- Born: 1990 or 1991 (age 35–36) China
- Occupations: Author Activist
- Years active: 2019-present
- Movement: Chinese feminist movement

= Guo Jing (activist) =

Chinese women's rights activist, feminist activist, social worker and book author

Guo Jing (郭晶; born 1990/1991) is a Chinese women's rights activist, feminist activist, social worker, and book author based in Wuhan, Hubei Province, People's Republic of China. She is known for writing Wuhan Lockdown Diary, a diary she wrote during the COVID-19 pandemic in Wuhan, China. Her work has appeared in or has been covered by The New York Times, The New Yorker, The Guardian, and BBC News among others. Her book, Wuhan Lockdown Diary, was published in March 2020 by Taiwan Linking Publishing Company (台湾联经出版社).
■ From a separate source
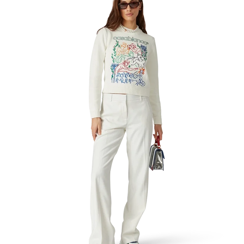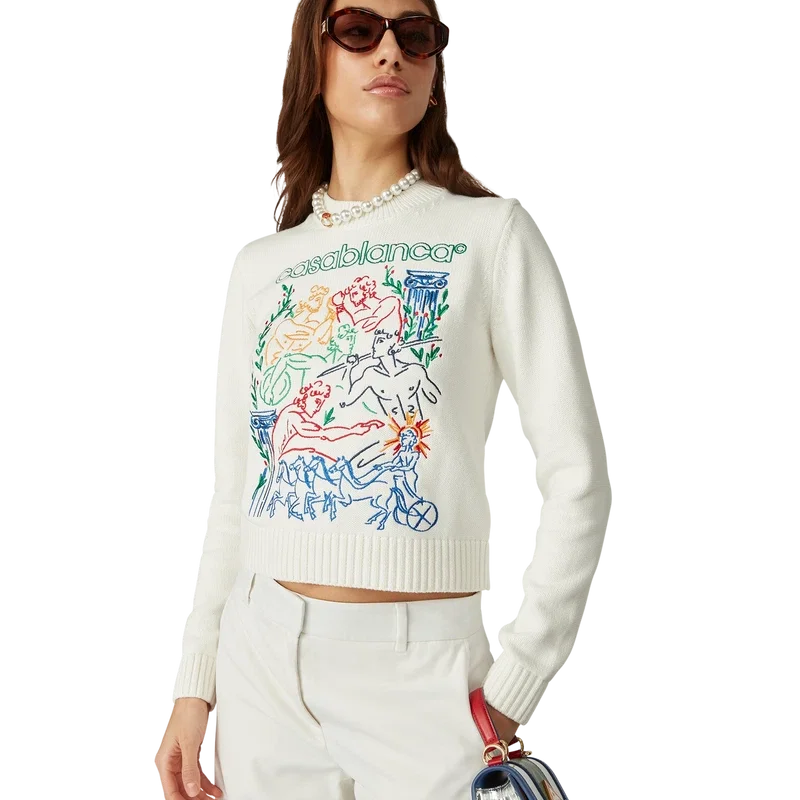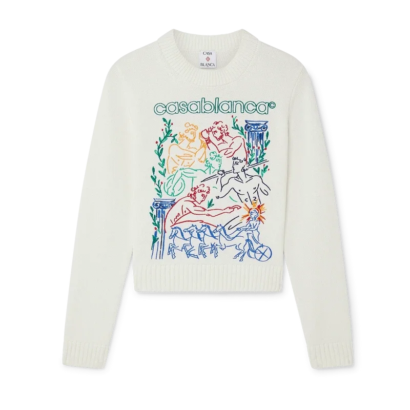 El suéter bordado es un diseño de manga larga confeccionado en tejido de algodón de punto con el diseño bordado de temporada de la casa. Se completa con un clásico cuello redondo y puños, cuello y dobladillo acanalados.

Guo is also known for her feminist activism. In 2014, she sued a company in Zhejiang Province for gender discrimination and won. Guo Jing's case is believed to be the first time in China's history that a job seeker won a gender discrimination case against a potential employer.

==Early life==
Guo was born in Henan province, China. Wuhan is her home town.

==Career==
In June 2014, Guo applied for a copywriter position at The New Oriental Cooking Vocational Skills Training School. After failing to receive any responses, Guo called the School and asked about the position she applied for. Guo was told by the School that only male candidates would be considered for the position based on the fact that the position required many business trips and carrying heavy suitcases. Guo told the school she was happy to travel and was physically strong enough to carry heavy suitcases. Guo subsequently filed a lawsuit at Xihu District People's Court in Hangzhou city, Zhejiang province on the basis that the school violated Article 3 of the Employment Promotion Law of the People's Republic of China, which requires that "The workers enjoy the right to employment on an equal footing and to choice of jobs on their own initiative in accordance with law. In seeking employment, the workers shall not be subject to discrimination because of their ethnic backgrounds, races, gender, religious beliefs, etc." The school argued that the copywriter position had a special consideration in that it required many business trips with the management of the school, all of whom are male. Therefore, they reasoned, it was out of consideration and care to the plaintiff that they did not recruit her.

In November 2014, Xihu District People's Court in Hangzhou city, Zhejiang province ruled in Guo's favor, finding that the school did not provide any evidence to prove the specialty of the position and the legal reasons for the unsuitability of female worker, and therefore had violated the woman's right to equal employment. The Court ruled that the school should pay Guo 2,000 yuan ($323) in compensation.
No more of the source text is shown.